Ranks in MPI Jobs#

MPI ranks, nodes, and scratch space: what you need to know first

Before using node-local /tmp storage safely in an MPI job, it is important to understand how parallel processes are organized and identified at runtime. The file-management patterns that follow rely on these concepts to avoid file collisions, race conditions, and data loss.

This section introduces the core MPI and Slurm concepts you will see referenced throughout the storage chapter.


What is an MPI rank?#

In an MPI job, your program is launched multiple times in parallel.

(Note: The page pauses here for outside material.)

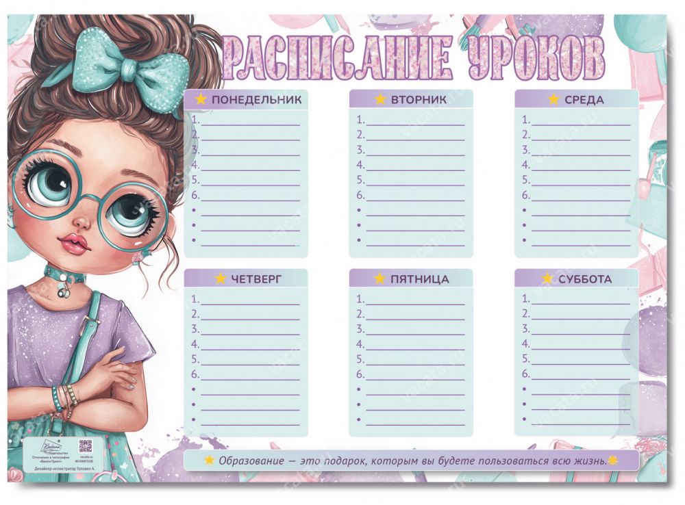 Расписание уроков — незаменимый помощник школьника. А это расписание создано специально для школьниц, которые любят яркие детали и красивый дизайн. Милый персонаж с большими глазами, модные аксессуары и нежные пастельные оттенки делают плакат настоящим украшением комнаты. Помимо шаблонов для каждого дня недели, оно содержит высказывание «Образование — это подарок, которым вы будете пользоваться всю жизнь».

Each running instance is called a rank.

  • Every rank executes the same program

  • Each rank has a unique integer ID

  • Ranks typically cooperate by exchanging data via MPI

The rank ID is commonly referred to as:

MPI rank  (0, 1, 2, ..., N−1)

In Slurm-launched jobs (including Tapis jobs on TACC systems), this value is exposed as:

SLURM_PROCID

Example:

  • SLURM_PROCID=0 → rank 0 (often used for coordination or aggregation)

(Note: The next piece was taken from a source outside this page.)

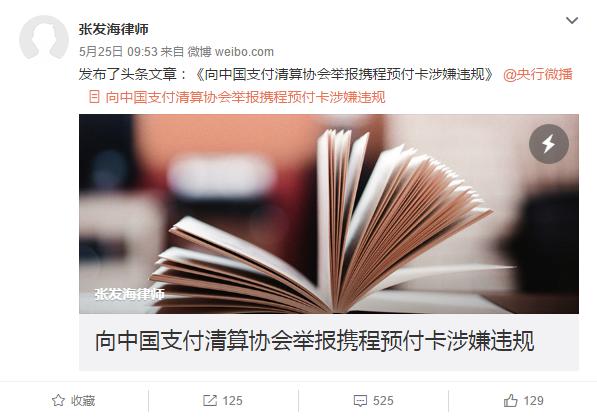 5月25日,张发海律师在微博上实名举报携程预付卡涉嫌“无证经营”支付业务。

  • SLURM_PROCID=7 → the 8th MPI process

When writing files, two ranks with the same filename will overwrite each other unless separated. This is why rank-aware paths are essential.


Nodes vs. ranks: why this distinction matters#

A node is a physical (or virtual) machine in the cluster.

  • Each node has:

    • its own CPUs

    • its own memory

    • its own /tmp directory

  • Multiple MPI ranks typically run on the same node

Slurm provides two important identifiers:

Concept

Meaning

Slurm variable

Rank ID

Global MPI process index

SLURM_PROCID

Node ID

Which node in the allocation

SLURM_NODEID

Local rank

Rank index within a node

SLURM_LOCALID

Example:

  • Rank 12 may be:

    • SLURM_NODEID=1 (second node)

    • SLURM_LOCALID=4 (5th rank on that node)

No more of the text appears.